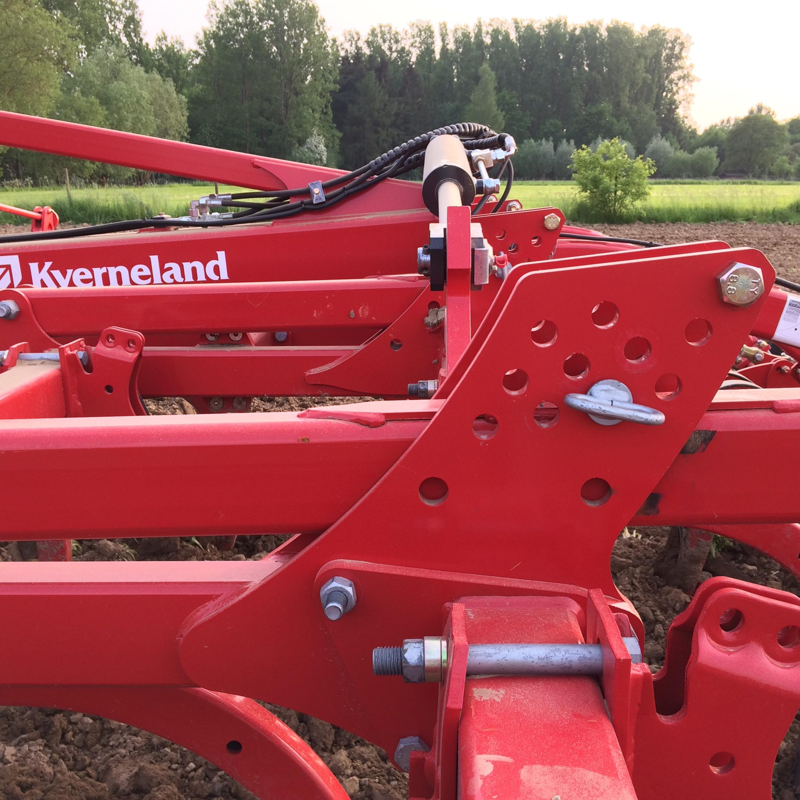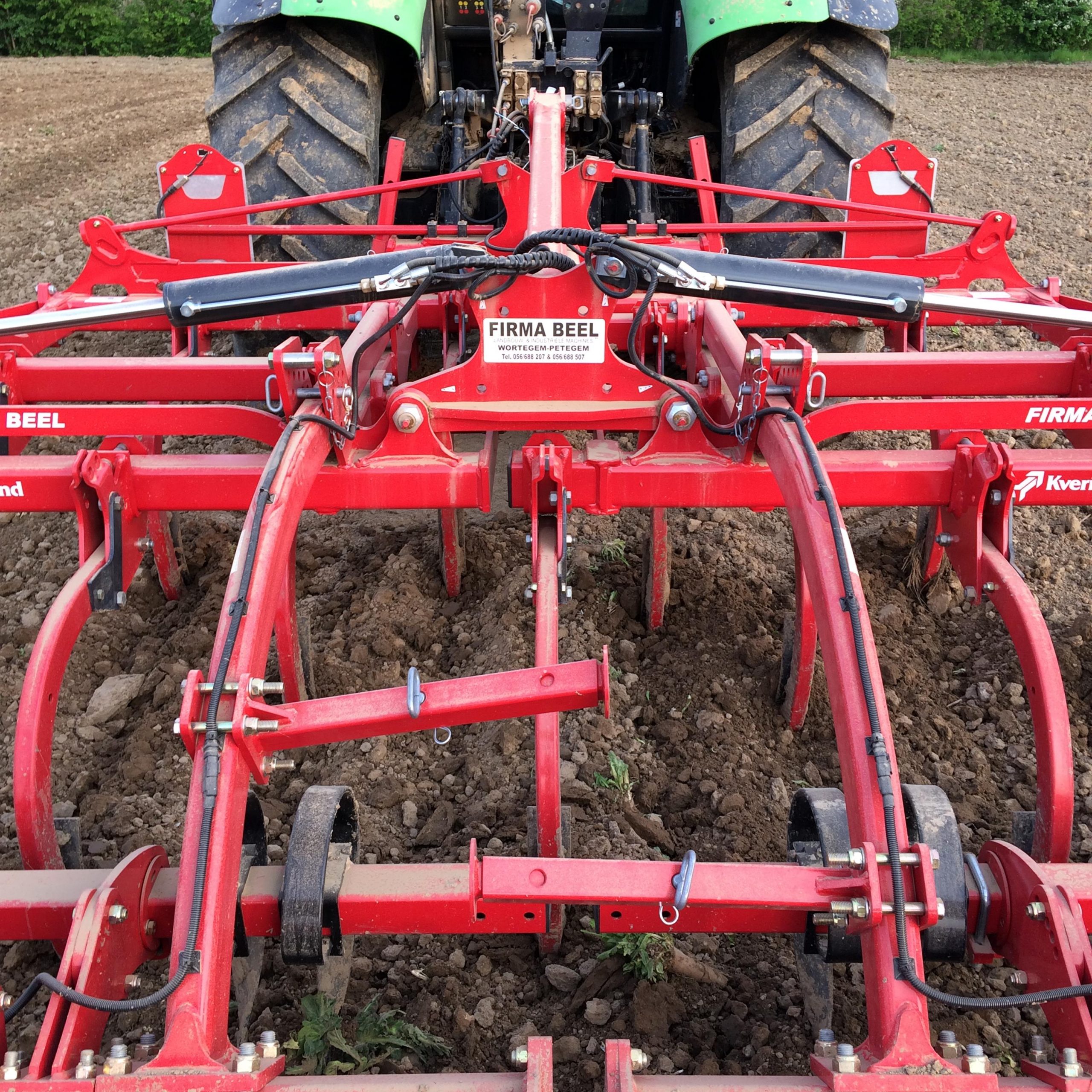 De CLC Pro Classic is in zijn 4m opklapbare versie een imposante verschijning. Doordat hij centraal opklapt in 2 delen is hij constructiematig een buitenbeentje in vergelijking met standaard cultivators. Geen probleem dus op de weg met de breedte aangezien je perfect binnen de 3m blijft. Het is een 3 balkscultivator die gevolgd wordt door egaliserende veertanden en een nalooprol/wals. Over een breedte van 4m staan er 13 tanden met een onderlinge afstand van 290mm.  De constructeur heeft gezorgd voor een hoge bodemvrijheid (870mm) en voldoende afstand (80cm) tussen de 3 balken. Hierdoor geef je de gewasresten de ruimte om vlot te “laveren” tussen de rijen tanden en vermijd je op die manier ook verstoppingen. Kverneland werkt bovendien niet met een rechte maar wel met een volledig gebogen tand. De tanden (70 x 40mm) zijn hol en hebben een wanddikte van 6mm. Ze zijn niet gelast maar worden met bouten bevestigd waardoor het frame minder stress ervaart. Opmerkelijk is dat deze tanden naar links en rechts 20 cm kunnen uitwijken bij hinder door obstakels zonder blijvend te vervormen. De tanden ondergaan dezelfde gekende hittebehandeling als de ploegen in de fabriek in Noorwegen.  De aanhechting met het frame zit onder een hoek van 35 à 40° in vergelijking met 90° bij de meeste andere merken. Hierdoor wordt de tand verplicht de grond in te gaan waardoor het zweven van de cultivator onderdrukt wordt. Een stabiel frame is een basisvereiste voor een egaal resultaat. Door op de CLC Pro Classic te gaan werken met gebogen armen wordt de machine een halve meter korter.  Dit maakt het werktuig niet alleen lichter maar brengt het zwaartepunt dichter bij de trekker waardoor deze minder snel de neiging heeft om licht te worden in de neus.
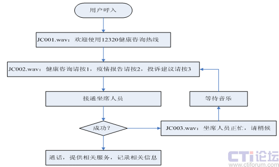 流程圖表示了正常工作期間的流程,實(shí)際技術(shù)流程會(huì)因?yàn)槭欠裨诠ぷ鲿r(shí)間、坐席人員是否繁忙等多種因素考慮,設(shè)置自動(dòng)語(yǔ)音內(nèi)容、語(yǔ)音留言等功能。
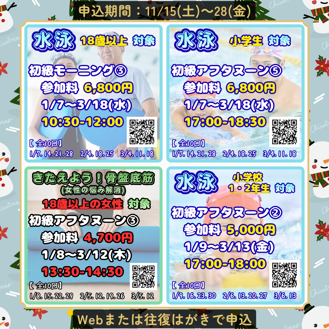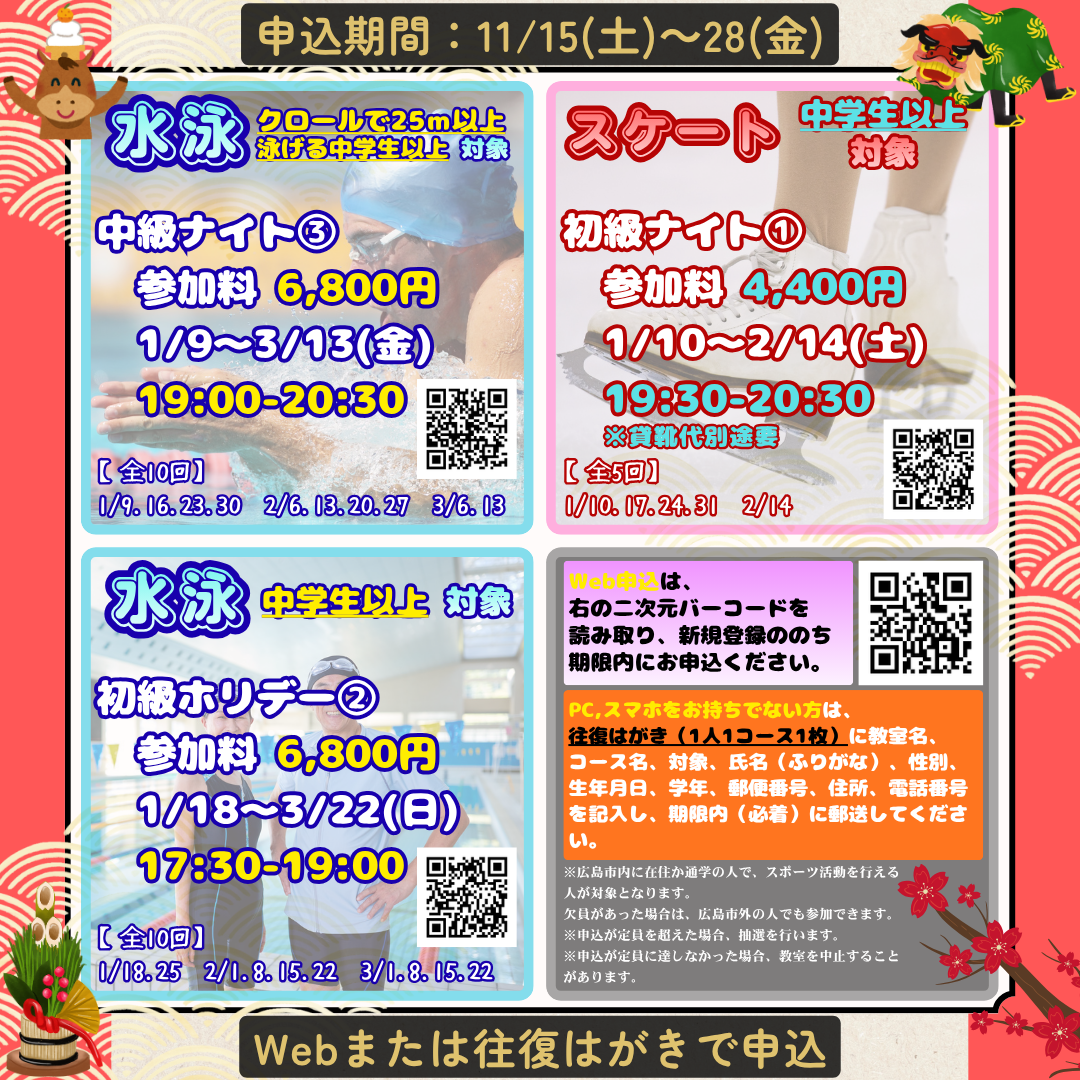 【ひろしんビッグウェーブ・マエダハウジング東区スポーツセンター】応募期間11/15(土)~28(金)のスポーツスクール!!!
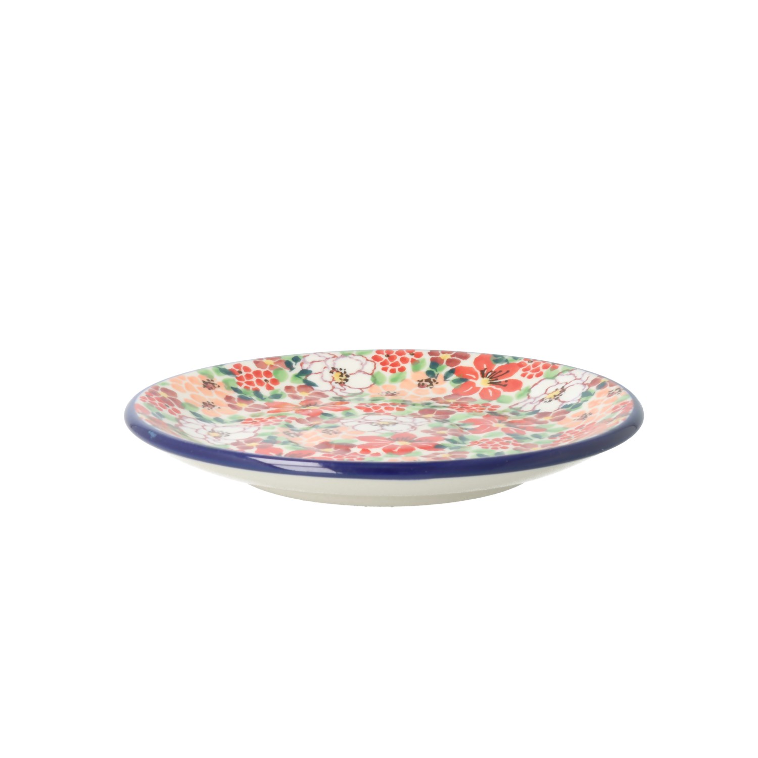 Płaski talerz deserowy. Produkt ręcznie formowany i dekorowany w Ceramice Artystycznej S.R.A. Bolesławiec.
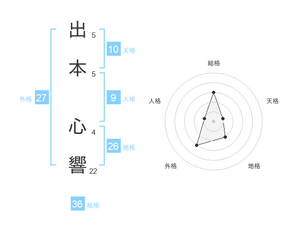 出本 心響さんの地格は26画の2点!

|---|

• [Action item]:
Here the records must be restated exactly, minus any images.

• [Exercise result]:
 De CLC Pro Classic is in zijn 4m opklapbare versie een imposante verschijning. Doordat hij centraal opklapt in 2 delen is hij constructiematig een buitenbeentje in vergelijking met standaard cultivators. Geen probleem dus op de weg met de breedte aangezien je perfect binnen de 3m blijft. Het is een 3 balkscultivator die gevolgd wordt door egaliserende veertanden en een nalooprol/wals. Over een breedte van 4m staan er 13 tanden met een onderlinge afstand van 290mm.  De constructeur heeft gezorgd voor een hoge bodemvrijheid (870mm) en voldoende afstand (80cm) tussen de 3 balken. Hierdoor geef je de gewasresten de ruimte om vlot te “laveren” tussen de rijen tanden en vermijd je op die manier ook verstoppingen. Kverneland werkt bovendien niet met een rechte maar wel met een volledig gebogen tand. De tanden (70 x 40mm) zijn hol en hebben een wanddikte van 6mm. Ze zijn niet gelast maar worden met bouten bevestigd waardoor het frame minder stress ervaart. Opmerkelijk is dat deze tanden naar links en rechts 20 cm kunnen uitwijken bij hinder door obstakels zonder blijvend te vervormen. De tanden ondergaan dezelfde gekende hittebehandeling als de ploegen in de fabriek in Noorwegen.  De aanhechting met het frame zit onder een hoek van 35 à 40° in vergelijking met 90° bij de meeste andere merken. Hierdoor wordt de tand verplicht de grond in te gaan waardoor het zweven van de cultivator onderdrukt wordt. Een stabiel frame is een basisvereiste voor een egaal resultaat. Door op de CLC Pro Classic te gaan werken met gebogen armen wordt de machine een halve meter korter.  Dit maakt het werktuig niet alleen lichter maar brengt het zwaartepunt dichter bij de trekker waardoor deze minder snel de neiging heeft om licht te worden in de neus.
 流程圖表示了正常工作期間的流程,實(shí)際技術(shù)流程會(huì)因?yàn)槭欠裨诠ぷ鲿r(shí)間、坐席人員是否繁忙等多種因素考慮,設(shè)置自動(dòng)語(yǔ)音內(nèi)容、語(yǔ)音留言等功能。
 【ひろしんビッグウェーブ・マエダハウジング東区スポーツセンター】応募期間11/15(土)~28(金)のスポーツスクール!!!
 Płaski talerz deserowy. Produkt ręcznie formowany i dekorowany w Ceramice Artystycznej S.R.A. Bolesławiec.
 出本 心響さんの地格は26画の2点!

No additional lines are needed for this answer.